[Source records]

.....

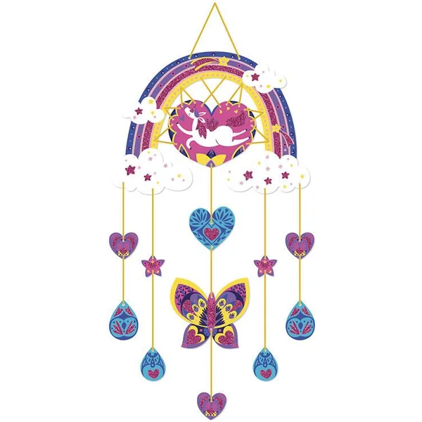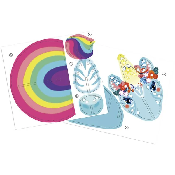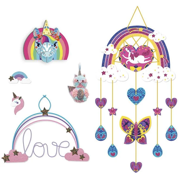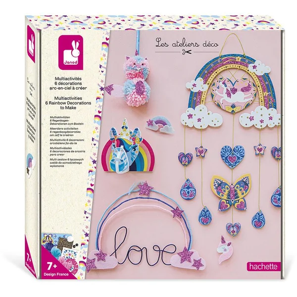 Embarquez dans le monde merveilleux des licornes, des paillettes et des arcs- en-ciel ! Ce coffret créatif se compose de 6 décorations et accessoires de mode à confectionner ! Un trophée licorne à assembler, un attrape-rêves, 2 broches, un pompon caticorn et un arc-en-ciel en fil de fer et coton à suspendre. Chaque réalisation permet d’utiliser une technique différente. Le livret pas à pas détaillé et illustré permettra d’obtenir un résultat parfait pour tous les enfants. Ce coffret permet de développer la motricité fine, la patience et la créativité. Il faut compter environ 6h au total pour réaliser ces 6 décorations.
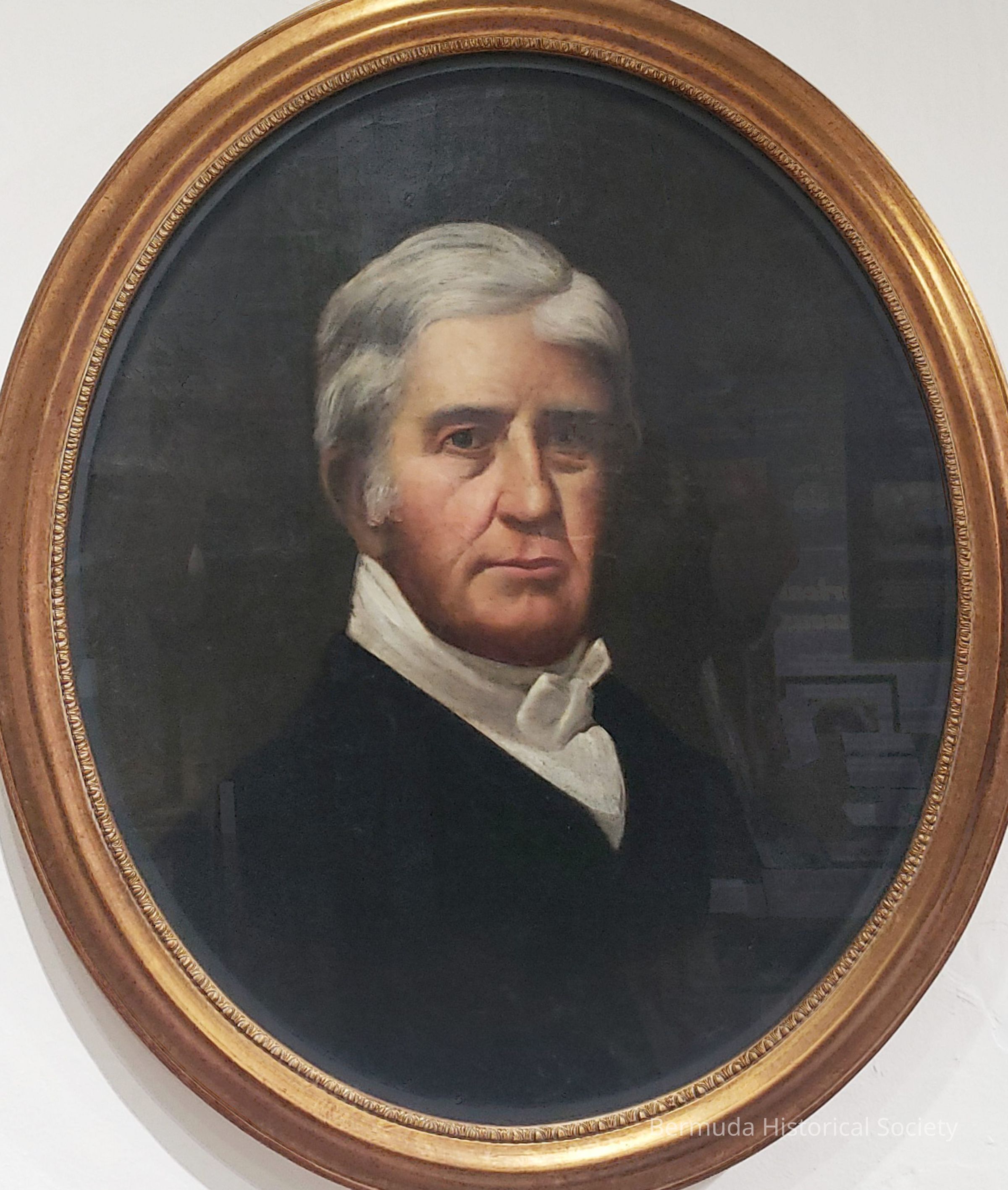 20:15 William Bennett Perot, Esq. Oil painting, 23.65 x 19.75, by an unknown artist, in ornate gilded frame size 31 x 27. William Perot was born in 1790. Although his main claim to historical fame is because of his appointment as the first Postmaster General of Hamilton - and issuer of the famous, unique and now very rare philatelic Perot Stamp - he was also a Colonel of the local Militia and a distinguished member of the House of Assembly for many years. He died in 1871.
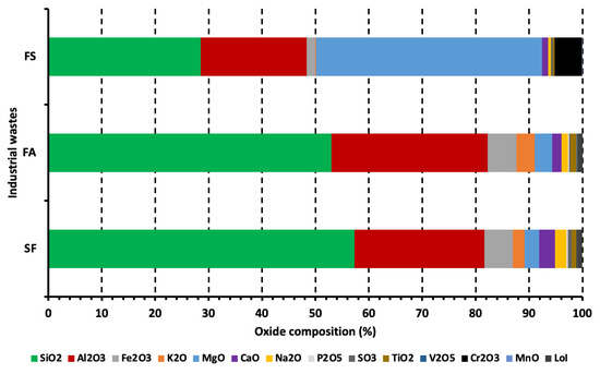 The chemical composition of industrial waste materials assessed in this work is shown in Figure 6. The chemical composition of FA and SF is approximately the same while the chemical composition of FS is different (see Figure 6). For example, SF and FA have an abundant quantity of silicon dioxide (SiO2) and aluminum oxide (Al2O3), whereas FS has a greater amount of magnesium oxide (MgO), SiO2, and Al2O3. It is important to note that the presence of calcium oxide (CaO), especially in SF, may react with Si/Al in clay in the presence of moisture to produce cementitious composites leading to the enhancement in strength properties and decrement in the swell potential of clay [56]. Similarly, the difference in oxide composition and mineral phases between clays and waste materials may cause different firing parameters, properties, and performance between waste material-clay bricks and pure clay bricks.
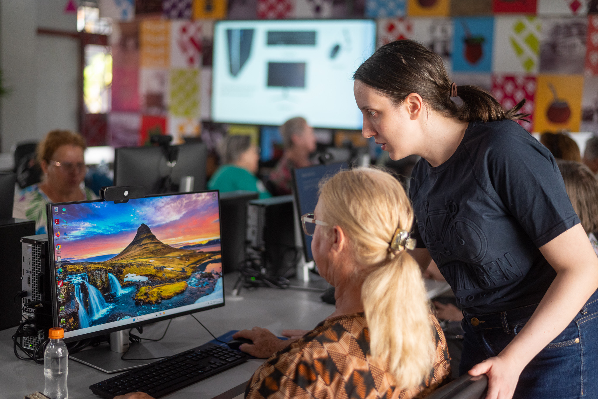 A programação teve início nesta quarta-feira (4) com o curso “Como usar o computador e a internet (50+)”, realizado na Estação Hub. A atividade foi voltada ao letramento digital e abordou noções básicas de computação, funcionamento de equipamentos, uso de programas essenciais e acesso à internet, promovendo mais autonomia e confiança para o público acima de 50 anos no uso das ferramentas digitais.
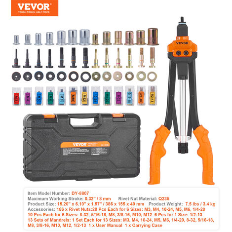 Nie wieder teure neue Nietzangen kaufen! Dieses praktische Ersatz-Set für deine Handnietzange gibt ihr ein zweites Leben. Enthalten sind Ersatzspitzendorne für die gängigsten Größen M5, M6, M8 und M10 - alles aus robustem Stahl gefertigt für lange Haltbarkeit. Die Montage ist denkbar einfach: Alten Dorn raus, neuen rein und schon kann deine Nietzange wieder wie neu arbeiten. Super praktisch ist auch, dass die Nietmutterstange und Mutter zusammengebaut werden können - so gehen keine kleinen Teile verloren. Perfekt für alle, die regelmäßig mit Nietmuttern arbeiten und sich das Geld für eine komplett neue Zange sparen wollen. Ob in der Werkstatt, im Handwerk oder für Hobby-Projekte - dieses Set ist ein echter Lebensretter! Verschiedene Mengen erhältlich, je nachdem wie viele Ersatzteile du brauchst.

.....

* **ASSIGNED TASK**:
Skip every picture, and restate word for word only the lines above from the line containing "20:15 William Bennett" to the line containing "The chemical composition of industrial", both of them included.

* **REPLY TO THE EXERCISE**:
 20:15 William Bennett Perot, Esq. Oil painting, 23.65 x 19.75, by an unknown artist, in ornate gilded frame size 31 x 27. William Perot was born in 1790. Although his main claim to historical fame is because of his appointment as the first Postmaster General of Hamilton - and issuer of the famous, unique and now very rare philatelic Perot Stamp - he was also a Colonel of the local Militia and a distinguished member of the House of Assembly for many years. He died in 1871.
 The chemical composition of industrial waste materials assessed in this work is shown in Figure 6. The chemical composition of FA and SF is approximately the same while the chemical composition of FS is different (see Figure 6). For example, SF and FA have an abundant quantity of silicon dioxide (SiO2) and aluminum oxide (Al2O3), whereas FS has a greater amount of magnesium oxide (MgO), SiO2, and Al2O3. It is important to note that the presence of calcium oxide (CaO), especially in SF, may react with Si/Al in clay in the presence of moisture to produce cementitious composites leading to the enhancement in strength properties and decrement in the swell potential of clay [56]. Similarly, the difference in oxide composition and mineral phases between clays and waste materials may cause different firing parameters, properties, and performance between waste material-clay bricks and pure clay bricks.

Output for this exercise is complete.